# Space heater connected to generator



## Mooky (Feb 16, 2021)

Having another winter storm in Louisiana tomorrow and supposed to be freezing rain this time. If power goes out, can I plug my space heater into the Generac 5500? Need to heat my 400 sq ft man cave, which is the old garage basically turned into a tiny house or apt. Thanks in advance for helping


----------



## Old man here (Nov 5, 2020)

I hope you are planning on placing your generator outside, far enough away to prevent carbon monoxide from killing you.
Also if you are going to use an extension cord, it should be a heavy duty one, at least 12 GA.
It is best to balance loads on a generator. 
You have two 120V plugs side by side on your generator. Use two heaters on the low setting, plugged into the two separate plug ins side by side. This will balance the load on the generator.


----------



## Mooky (Feb 16, 2021)

Old man here said:


> I hope you are planning on placing your generator outside, far enough away to prevent carbon monoxide from killing you.
> Also if you are going to use an extension cord, it should be a heavy duty one, at least 12 GA.
> It is best to balance loads on a generator.
> You have two 120V plugs side by side on your generator. Use two heaters on the low setting, plugged into the two separate plug ins side by side. This will balance the load on the generator.


I have it far enough away and shave heavy duty extensions cords. One will have my aquarium plugged in along with the filter, tank heater...other cord will have my TV and a lamp or 2 connected like I had when the power went out when we had one of the hurricanes earlier this year. The generator has 4 outlets. One will go to my mom's bedroom in her house, so she can have a lamp and TV. My man cave is in the backyard. She's not gonna run a cord to the kitchen because it'll be cold enough outside and she can put stuff in her outdoor freezer which is in her front porch. Hopefully we won't lose power and the freezing rain turns to regular rain. Only space heaters I have is one 1500 watt one and one with a remote that looks like a small fireplace. We only have 3 heavy duty extension cords. Had another one in the shed, but it's not there anymore. I don't want to blow anything of I plug it in a power strip along with my aquarium or the surge protector my TV is plugged in..Thanks for the help


----------



## Old man here (Nov 5, 2020)

Sounds like you will be ok as long as you don't overload it.


----------



## Mooky (Feb 16, 2021)

Old man here said:


> Sounds like you will be ok as long as you don't overload it.


I'd still have to set it for low, right? The portable electric fireplace is 1500 watts too. I'll prob do better with the other heater since it has a dial for wattage, 750 and 1500. Don't wanna blow anything as soon as I plug the fireplace heater in. I know it won't heat the whole place up, but as long as it's aimed at me while watching TV and if it can reach, aimed at me in bed.
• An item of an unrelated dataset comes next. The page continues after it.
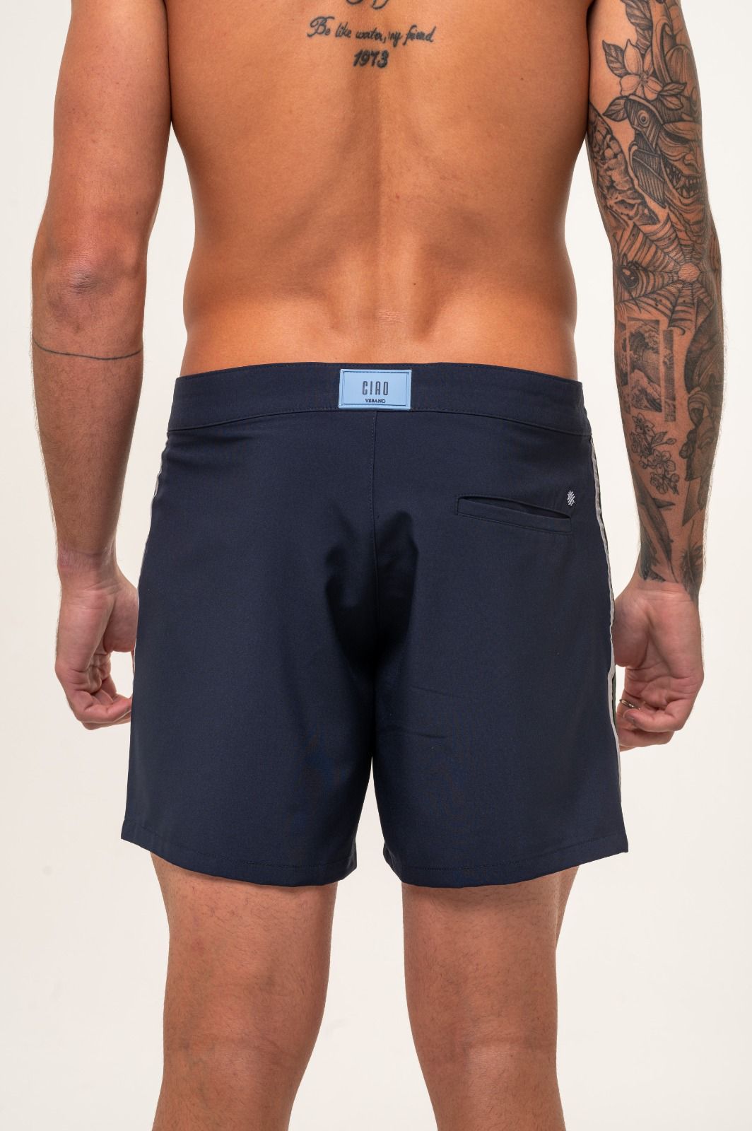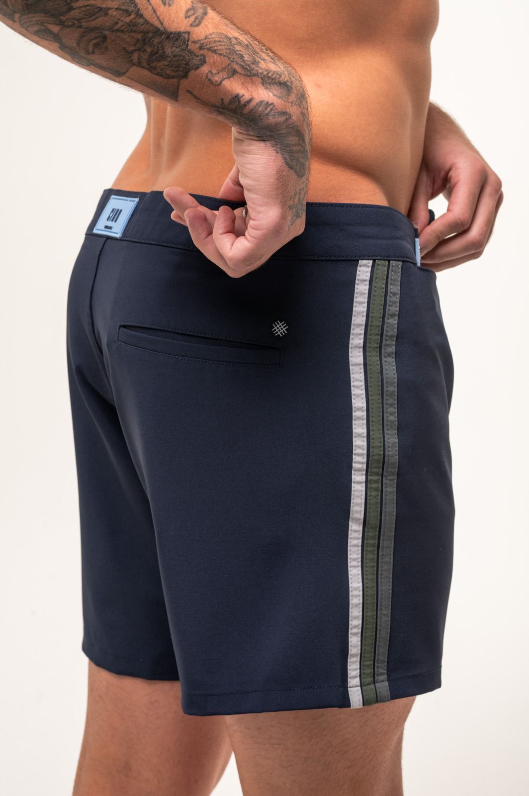 O Short Malibu une conforto, estilo e personalidade na medida certa. Em tom azul marinho, ele ganha destaque com as listras laterais em cinza, verde e chumbo que trazem um toque moderno e esportivo à peça.

Thanks again


----------



## Old man here (Nov 5, 2020)

Correct, you only have enough power for the low setting.


----------



## Mooky (Feb 16, 2021)

Old man here said:


> Correct, you only have enough power for the low setting.


Ok...thanks so much


----------



## Airstreamer67 (Oct 3, 2020)

The conversion of Watts to BTUs in a resistance electric heater is pretty straightforward, whether the heater has exposed strips of bare metal being heated by electricity and thus heating the air directly, or those that have ceramic elements that heat the ceramic which, in turn, heats the air.

The bare-metal strip heaters will provide heat quicker because they don't have to heat up the ceramic material, but when they are cycling "off" they quickly cool off and no longer provide heat; whereas, the ceramic heaters will take longer to heat up but they will continue to provide heat over a longer period because the heated ceramic material will release the heat, ie cool off, more slowly.

With either type of resistance electric heater, the absolute amount of heat produced into the living area be the same. I believe the conversion factor is: Watt = 3.41 BTU per hour.

So, for a 1500W electric heater, it produces 5,115 BTUs of heat over a one-hour period, whether it is a strip heater or a ceramic heater or, for that matter, an electric heater that utilized a bit of oil to heat up which serves the same purpose as the ceramic.

Some folks choose the ceramic or oil type electric heater because they produce heat over a longer period of time; but the absolute amount of heat actually put into the living space is the same. A rock or an anvil placed very near the bare-metal strip heater could potentially provide the same benefit as the ceramic or oil because they would absorb some of the heat and release it over a longer period of time, but doing so would produce no additional heat in absolute terms.


----------



## iowagold (Jan 22, 2020)

there ya go!
oil heaters rock when on gen for sure..
nice even radiant heat.
better than a hair dryer! lol!
it is that jack rabbit and turtle thing...
the oil heater or boiler is the slow and steady heat.


----------